Dan Engler is editor of the Verde Independent.

Dan Engler is editor of the Verde Independent.

Nothing short of Mingus Mountain has ever created a divide between the Verde Valley and the Prescott communities quite like the great water war of the 1990s.

It began with the announcement that Prescott planned to tap into the Big Chino Aquifer and build a water pipeline to Prescott to serve the region’s domestic water needs.

The response from the Verde Valley was that this plan amounted to an outright theft of the water supply that ultimately serves as the headwaters to the Verde River.

The folks in Prescott were going to steal our water.

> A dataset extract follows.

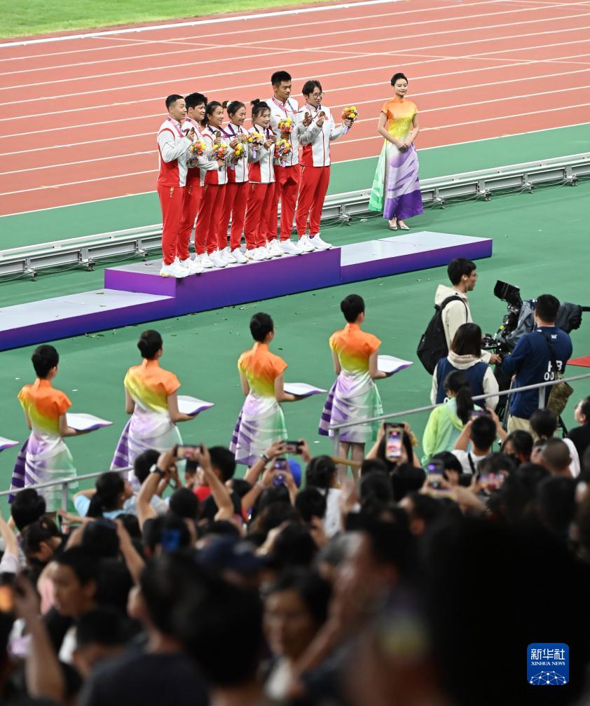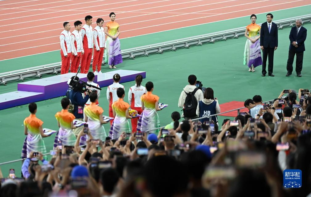 當晚,杭州亞運會田徑項目比賽結(jié)束后,中國奧委會在杭州奧體中心體育場舉行遞補奧運獎牌頒獎儀式,為遞補獲得東京奧運會男子4X100米接力銅牌的蘇炳添、謝震業(yè)、吳智強和湯星強與遞補獲得2012年倫敦奧運會女子20公里競走金、銀、銅牌的切陽什姐、劉虹、呂秀芝頒發(fā)獎牌。新華社記者 江漢 攝

That was the rhetoric, anyway, and a lot of the claims that came from this side of the mountain were of the knee-jerk variety without the benefit of an absolute hydrogeologic understanding of the issue, or the water rights involved. Never had Mark Twain’s words about whiskey being for drinking and water for fighting rang more true.

In fact, to a large degree, Verde-Prescott water politics played a huge role in the reshuffling of legislative representation in the Verde Valley during the last round of redistricting. Many locals claimed the Verde would get better advocacy on water and river-protection issues by splitting from Legislative District 1.

We “won” and are now in Legislative District 6.

Our split from Prescott ultimately left Yavapai County with a somewhat fractured collective voice at the State Capitol.

There is no doubt, however, that the “Great Prescott-Verde Water War” did ultimately benefit the Verde Valley. Organizations such as Friends of the Verde River and the Verde River Institute came into being.

Local river advocacy now is backed up by research, science and facts vs. emotional jargon. We have legitimate voices of authority when it comes to the politics of water use and appropriation in the Verde Valley.

Most interestingly now, some 20 years after those lines were drawn between Prescott and the Verde Valley, it turns out the Chino Water Pipeline isn’t as big a threat to the Verde River as once believed.

This past week, Daily Courier veteran reporter Cindy Barks wrote that Prescott leaders now say the importation of water from the Paulden aquifer might not be as pressing as originally thought.

A report on Prescott’s water portfolio shows the city is “in really good shape,” the Daily Courier story states. Municipal water conservation policies combined with aquifer recharge with water from Willow and Watson lakes has resulted in a decline of 143 acre-feet per year in Prescott, which is about 2 percent per year over the last 14 years. All during a period of time when the populations of both Prescott and Prescott Valley have grown steadily.

The Big Chino water pipeline is viewed now more as an insurance policy for the Prescott communities than a pressing need.

The “threat” is now hardly as imposing as once was believed.

Which means there is probably no better time than now for the leaders of the Prescott communities and the Verde Valley to work cooperatively toward a region-wide water-use policy agreement.

Ultimately, we’re all drinking from the same well. The wise course is to make sure there will always be plenty to go around.

Dan Engler is the editor for the Verde Independent in Cottonwood.